Toxic effects of mercuric sulfide on immune organs in mice

• Published in: Immunopharmacology and immunotoxicology Vol. 32; no. 2; pp. 277 - 283
• Main Authors: Son, Hee-Young, Lee, Soyoung, Park, Seung-Bin, Kim, Mi-Sun, Choi, Eun-Ju, Singh, Thoudam S.K., Bae, Yunju, Kwack, Seung Jun, Kang, Tae Seok, Shin, Hong-In, Baek, Moon-Chang, Kim, Sang- Hyun
• Format: Journal Article
• Language: English
• Published: England Informa UK Ltd 01.06.2010; Taylor & Francis
• Subjects: Administration, Oral; Animals; Chemical and Drug Induced Liver Injury - etiology; Chemical and Drug Induced Liver Injury - immunology; Chemical and Drug Induced Liver Injury - pathology; Cytokines - genetics; Cytokines - immunology; Gastrointestinal Tract - metabolism; Gene Expression - drug effects; Hepatocytes - drug effects; Hepatocytes - pathology; Immune systems; Liver - drug effects; Liver - enzymology; Liver - metabolism; Liver - pathology; Liver Function Tests; Lymphocytes - cytology; Lymphocytes - drug effects; Lymphocytes - immunology; Male; Mercuric sulfide; Mercury Compounds - pharmacokinetics; Mercury Compounds - toxicity; Mice; Mice, Inbred ICR; Organ Size - drug effects; Reverse Transcriptase Polymerase Chain Reaction; Spleen - drug effects; Spleen - immunology; Spleen - pathology; T lymphocytes; Thymus Gland - drug effects; Thymus Gland - immunology; Thymus Gland - pathology; Tissue Distribution
• ISSN: 0892-3973; 1532-2513
• DOI: 10.3109/08923970903305499

Mercuric sulfide (HgS) is a major component of cinnabar, which has been used as a sedative drug in China for more than 2000 years.

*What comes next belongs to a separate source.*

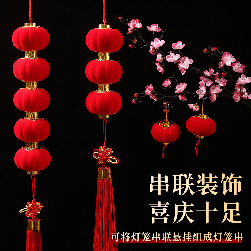 小灯笼串户外连串挂饰大红植绒灯笼节日喜庆装饰元旦场景布置灯笼
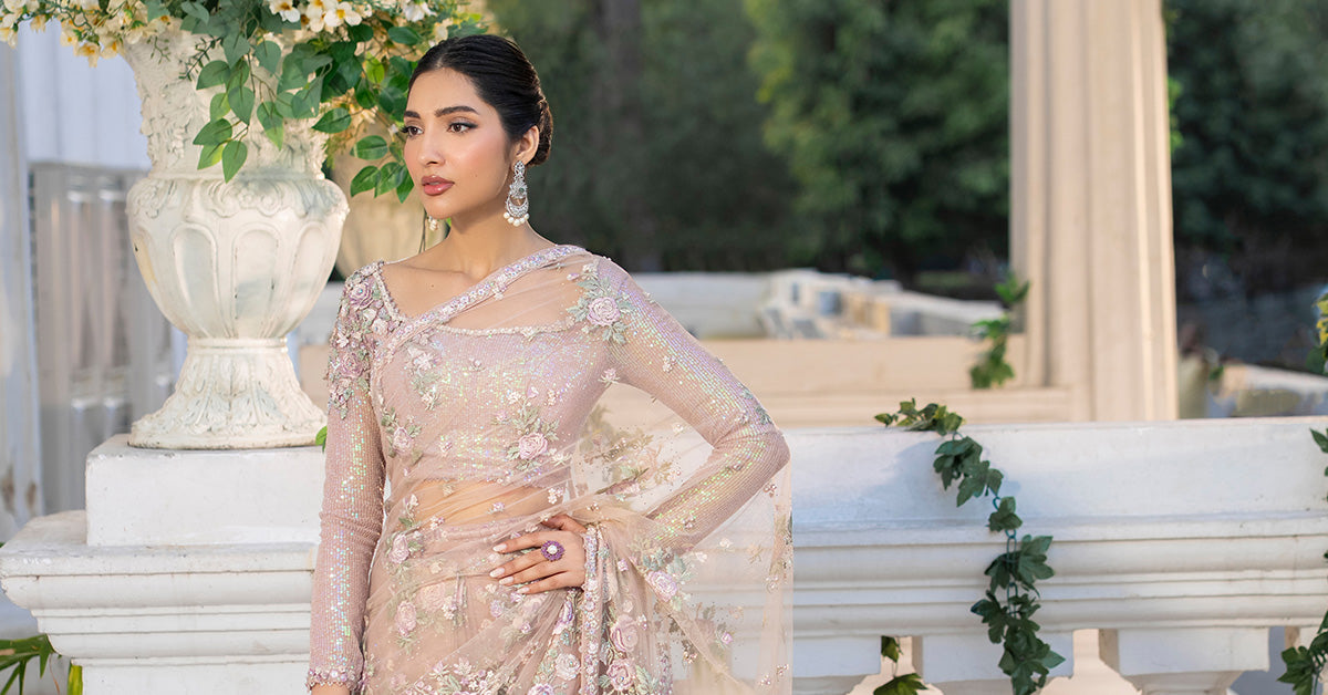The Ethereal Bloom - Drape yourself in sheer elegance with our delicately embroidered net saree. It is a whisper of luxury, hand-embellished with captivating 3D floral appliqués and scattered with luminous pearls. A truly enchanting piece for an everlasting look.

Because its toxicological effects are still unclear, we attempted to verify the toxic effects of HgS, focused on liver and immune organs such as the spleen and thymus. Male ICR mice were administered HgS (0.02, 0.2, 2.0 g/kg/day) by gavage for 4 weeks. During the administration period, HgS-treated mice did not reveal overt signs of clinical toxicity. HgS had no significant effect on body weight, food consumption, water consumption, and organ weights. In spite of its known insolubility, HgS was absorbed by the gastrointestinal tract and accumulated in the liver, spleen and thymus in a dose-dependent manner. In the biochemical and histological examination, HgS did not cause hepatotoxicity. However, HgS significantly increased both CD8+ T lymphocytes and CD4+CD8+ lymphocyte populations in the spleen without changing in the thymus. In the histological evaluation, HgS induced enlargement with marked hyperplasia and increase of lymphoid follicles in the spleen. In addition, HgS induced the gene expression of pro-inflammatory cytokines in the spleen and thymus. Our results suggest that insoluble HgS was absorbed by the gastrointestinal tract, accumulated in the spleen and thymus, and thus could affect immune systems.